Tuesday, March 25, 2008

Carpinteria quarantined after moths found


Following the discovery of two invasive moths, state officials placed a 10 square-mile quarantine on Carpinteria and its surrounding agricultural lands in recent days, subjecting nurseries and farms to extensive inspections.
Quarantine regulations prohibit the movement of any fruits, vegetables or plant parts unless an agricultural official certifies them, according to a statement from the state Department of Food and Agriculture (CDFA). Officials are attempting to prevent an infestation of the light brown apple moth, a native pest of Australia that can damage a wide range of agricultural crops.

“We know we have a lot of agriculture in Carpinteria,” said Matt Roberts, Carpinteria’s director of parks and recreation. “The city will be trying our best to cooperate fully with whatever experts say should be done in order to not only eradicate the infestation, but also to prevent its spread.”
If California does become infested, studies indicate the moth could cause billions of dollars in crop damage annually and harm agricultural exports to states and other countries, according to the CDFA.
“California’s nurseries rank third in agricultural production value, behind only dairy and grapes,” CDFA Secretary A.G. Kawamura said in a prepared statement. “They are a key segment of the state’s economy, they are in the midst of their busiest season, and I fully understand that the additional inspections and expense are onerous.
“But these steps are mandatory and necessary to eradicate this pest from California and to protect the rest of the state from added quarantines and increased pesticide use over the long term.”
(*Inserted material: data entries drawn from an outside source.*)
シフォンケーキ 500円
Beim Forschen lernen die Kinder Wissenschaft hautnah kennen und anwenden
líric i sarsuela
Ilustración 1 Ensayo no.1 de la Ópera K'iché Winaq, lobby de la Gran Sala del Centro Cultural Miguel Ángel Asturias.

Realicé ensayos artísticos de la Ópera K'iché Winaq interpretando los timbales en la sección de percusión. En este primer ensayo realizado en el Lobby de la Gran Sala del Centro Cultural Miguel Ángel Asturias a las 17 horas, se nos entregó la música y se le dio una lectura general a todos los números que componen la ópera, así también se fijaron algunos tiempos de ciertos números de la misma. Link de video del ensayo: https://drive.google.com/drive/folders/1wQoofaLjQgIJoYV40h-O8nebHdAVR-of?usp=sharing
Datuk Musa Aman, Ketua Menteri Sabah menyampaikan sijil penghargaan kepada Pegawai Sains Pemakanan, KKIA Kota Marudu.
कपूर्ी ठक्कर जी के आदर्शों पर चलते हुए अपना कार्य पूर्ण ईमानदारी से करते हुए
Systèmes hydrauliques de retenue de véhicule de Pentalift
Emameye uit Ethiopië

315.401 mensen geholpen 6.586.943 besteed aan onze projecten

The quarantine applies to private residences, nurseries, farms and public land. CDFA officials are asking residents to eat fruits and vegetables they grow, rather than taking them off their property.
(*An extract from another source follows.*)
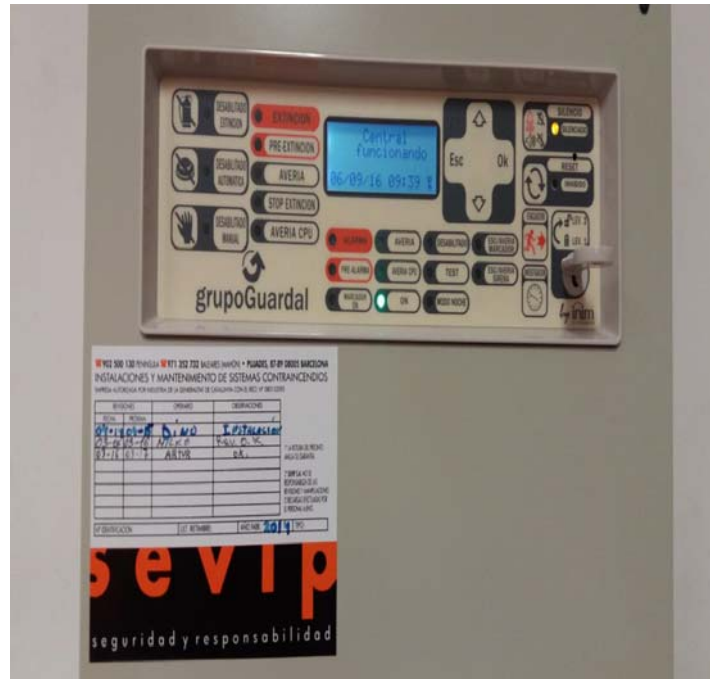
Foto 3: Centralita de alarma de incendios, con la pegatina de la empresa mantenedora.

“We’re asking all residents not to move live plant material, especially leafy things, around in town,” Roberts said.
Officials have also set moth traps throughout the quarantined zone. If no moths are captured in the next few weeks, pheromone-treated twist ties will be applied to plants and fences near the area where the moths where discovered.
The light brown apple moth has been discovered in 11 other counties in the state, sparking quarantines in those locations as well. An eradication program using pheromone-treated ties has been successful in Los Angeles and Napa counties, according to the CDFA. More information is available at www.cdfa.ca.gov.